Owning a motorcycle is a symbol of rebellion against the rat race and other norms of conventionality, but it also comes with lesser-known downsides and responsibilities. A bike can work great as a second vehicle in heavily trafficked areas and can offer access to surreal experiences in the countryside. But before even considering buying one, please weigh up both its pros and cons.
The PROS of Motorcycle Ownership
It can last longer than a car. If you know how to take care of it properly, a motorcycle can outlive a car. Bikes are amazingly simple machineries, and they can easily get a second or third life at the hands of a passionate mechanic. Just make sure that you don’t needlessly expose it to the elements, that you change the oil whenever necessary, and that you use the right fuel.
No more worries about parking spots. Finding a good parking spot for a motorcycle is a walk in the park, and it is a lot cheaper than with a car.
Cheaper maintenance. A bike comes with fewer maintenance costs than a car since spare parts are more reasonable or can be bought used. Further, you can do some of the repairs yourself (hello, YouTube!)
It is more fuel-efficient. With a motorcycle, you can get twice the gas mileage you would get with a passenger vehicle. Some of the most fuel-efficient cars have a mileage of between 27 and 50 miles per gallon in the city. A cheap motorcycle usually averages 50 miles or more per gallon under the same conditions.
It is cheaper than a used car. If you are thinking about buying a motorcycle as your first vehicle, know that it is cheaper than a used car. Used bikes usually cost under $2,000 while used, non-fuel-efficient cars average $3,500. What’s more, the wear and tear of a used motorcycle is considerably lower than that of a used vehicle. Many people sell their bikes simply because they want a bigger, faster one or wish to start a family life, and a bike is no longer feasible.
You can get healthier. Beside the bad boy or bad gal vibe a bike comes bundled with, riding a motorcycle can also help you get healthier. For instance, you will need toned muscles to move the motorcycle around. Plus, riding it will help improve your posture, balance and strengthen your core.
A bike is also great for your mental health as it helps you get tons of fresh air, which will help relieve stress and anxiety, a perk motorists cannot enjoy. Also, being out in the open with the wind blowing through your hair on a clear summer day is an endorphin-inducing experience that very few other activities can match.
You will notice a significant improvement in your mood after each ride.
The CONS of Motorcycle Ownership
Thieves can be a problem. If your bike is a model that thieves like very much such as a Japanese bike or a Harley, your bike is at risk of being stolen. Use safety locks, a cover, and a safe parking spot when not in use, as bikes end up stolen more often than cars.
Insurance can get costlier. When compared to a car, a bike can cost double as much to insure. Insurers tend to hike premiums because motorcycles are considered riskier vehicles to operate, and bikers are seen as high-risk customers. The most expensive policy is comprehensive collision coverage, but many bikers skip it altogether, especially if they ride cheap bikes not worth insuring.

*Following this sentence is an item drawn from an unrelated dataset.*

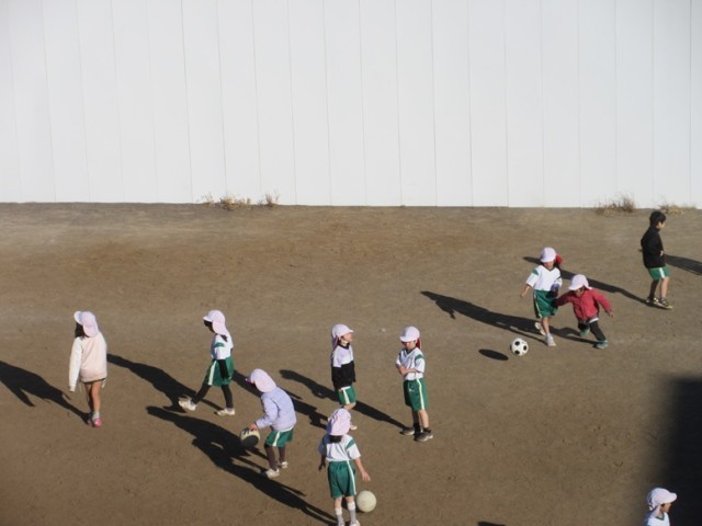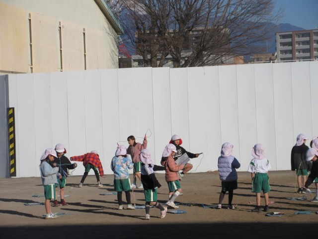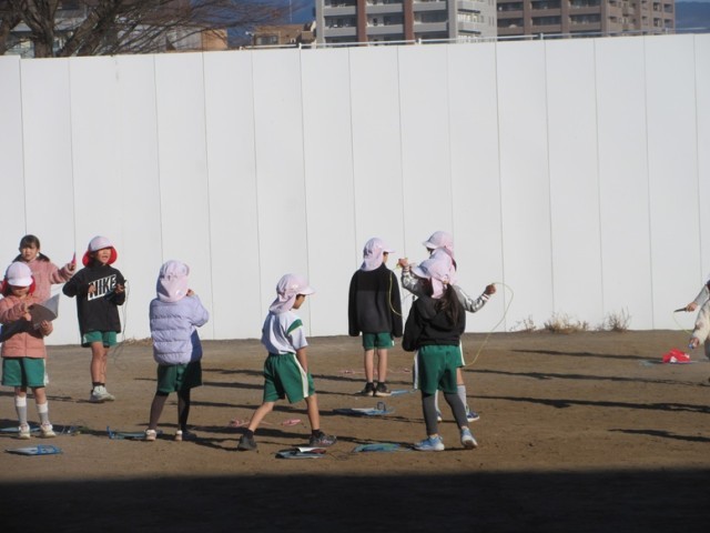 2組は、外で体育です。寒さに負けず、元気よく縄跳びとボールけり遊びをしています。

A bike is more dangerous. Bikers are more prone to severe injuries and death because they are not as sheltered as drivers. Plus, drivers tend not to see bikers on the road, while inclement weather can be a problem. And a pothole filled with water can send you flying off your bike if you have the necessary speed.
So, since traveling on a motorcycle means more exposure to the risk of traffic accidents, it is a good idea to keep the contact info of a seasoned motorcycle accident attorney nearby, as you don't know when you may need it.
Size. A motorcycle comes with (very) limited cargo space. Plus, you cannot take all your loved ones with you on it.
Bad weather is not your friend. With a motorcycle, you cannot ride it when you want it where you want it. If the weather is extreme, it is tough to navigate in blinding rain or high winds hail at over 100 miles per hour. You will need to plan all your outings accordingly and wear protective clothing and gear, which can add to the costs.